Harl Denistan the thirty fifth Lord Commander of the Knights of Elam stood before the bay window of his chambers looking down at the construction of the battle arena in the courtyard below with mixed emotions. He had long since lost track of the number of knights who had passed successfully through the trials, the lucky ones who had gone on to full Knighthood. The faces of the ones who had died however were permanently etched into his mind, a gallery of wasted youth that he always took personal responsibility for. He propped his cane against the window sill and rubbed at his left hand trying to return the feeling to his fingers, the knuckles cracking at his efforts.

A knock at the door behind him disturbed his thoughts but did not surprise him, his visitor was long since expected. “Come in Gideon.” he said without turning.

The door opened and a small wiry man with dusty grey hair entered and seated himself across from Denistan. Looking at Gideon was an oddly unpleasant experience, his age was difficult to judge because while he physically appeared to be a man in his fifties he moved with the youthful vigour of a man half that. His robes were made from a material that seemed to shimmer and blur in the light making it strangely difficult to focus on him and his green eyes twinkled with flecks of silver. On his wrists were matching metal bands that looked to be almost skin tight yet caused him no obvious discomfort. His pose in the chair was of a casual relaxedness that belied the serious nature of his visit.

The Commander nodded towards his desk “I read your message.
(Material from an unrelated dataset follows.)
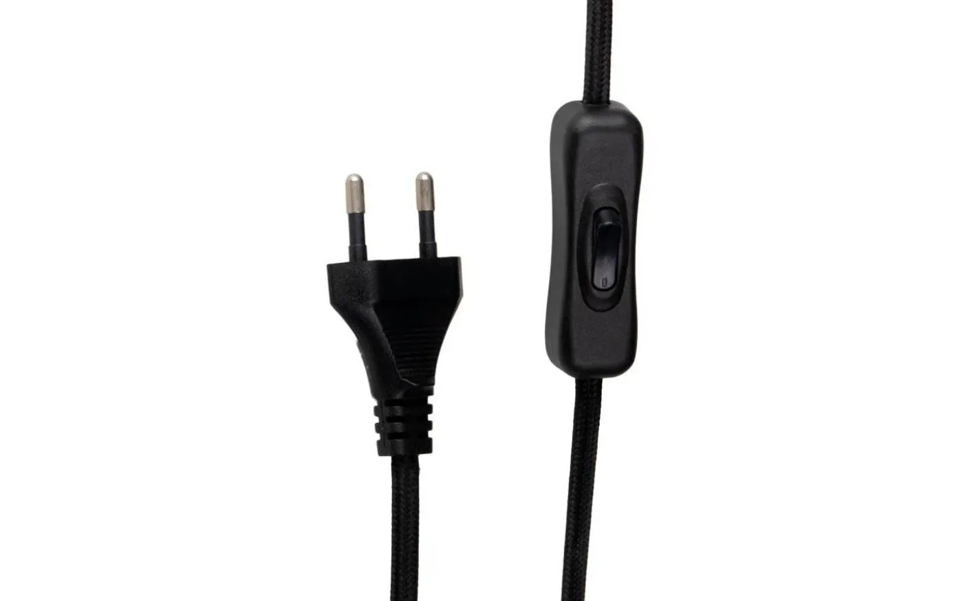 Levereras med en 2m lång textilkabel med strömbrytare och stickkontakt.

Are you certain?”

“There is no doubt I'm afraid,” replied Gideon tugging the sleeves of his robe over the metal bands on his wrists. He gave the Commander an appraising eye. Denistan had once been a powerfully built man, but now in his late sixties his age had caught up with him. His grey, straw-like hair was thinning and receding, old muscle had wasted away and the arthritis he had long suffered with was becoming more apparent with every passing week. Gideon's agents reported that some senior knights were already vying for the chance to replace him and in another man that may have made him timid, but stood this close to him Gideon could feel the character of the man and any doubts he might have had that the Lord Commander would do the right thing eased. This man would honour the ancient pact.

“You say there's no doubt,” Denistan said at last “Yet you seem to know nothing of what this menace actually is.”

“It would be more true to say I know little and suspect much more.” He pushed himself further back into the chair enjoying the comfort of the worn leather, “but this is not the time for suspicions or speculation my friend. We need facts, solid information that I now believe can only be gained through witnessing all that is about to unfold. Reading the oracle is an imprecise magic at best, and at present we believe that some force we have yet to identify is affecting it.”

“The same menace?”

“Hopefully.”

Denistan's eyebrow raised quizzically “Hopefully?”

“Yes, hopefully, unless of course one enemy is not enough for you Commander.”

The edges of Denistan's mouth twitched into a slightest suggestion of a smile. “I see your point.”

“Will you tell him?” There was a hopeful edge to the question, and he leant forward in eager anticipation.

“You mean the second part of your message I presume.”

“I do.”

“No Gideon, I won't be telling anyone anything, and neither will you! For one thing with all due respect to your order I have never believed in fortune telling or prophecies, and for another if you're right, then if we are to keep this enemy ignorant of our awareness of them we must maintain our routines.”

“I see.” Gideon sat back in his chair contemplating his next move. “He is involved Harl, whether you like it or not,” he said eventually, “so you will need to find another way to get him where he needs to be. Do you have any ideas?”

“As a matter of fact I do.” He limped from the window and sat into his chair, resting his willow cane against the edge of the desk. He looked Gideon square in the face. “How soon can you be ready to travel?”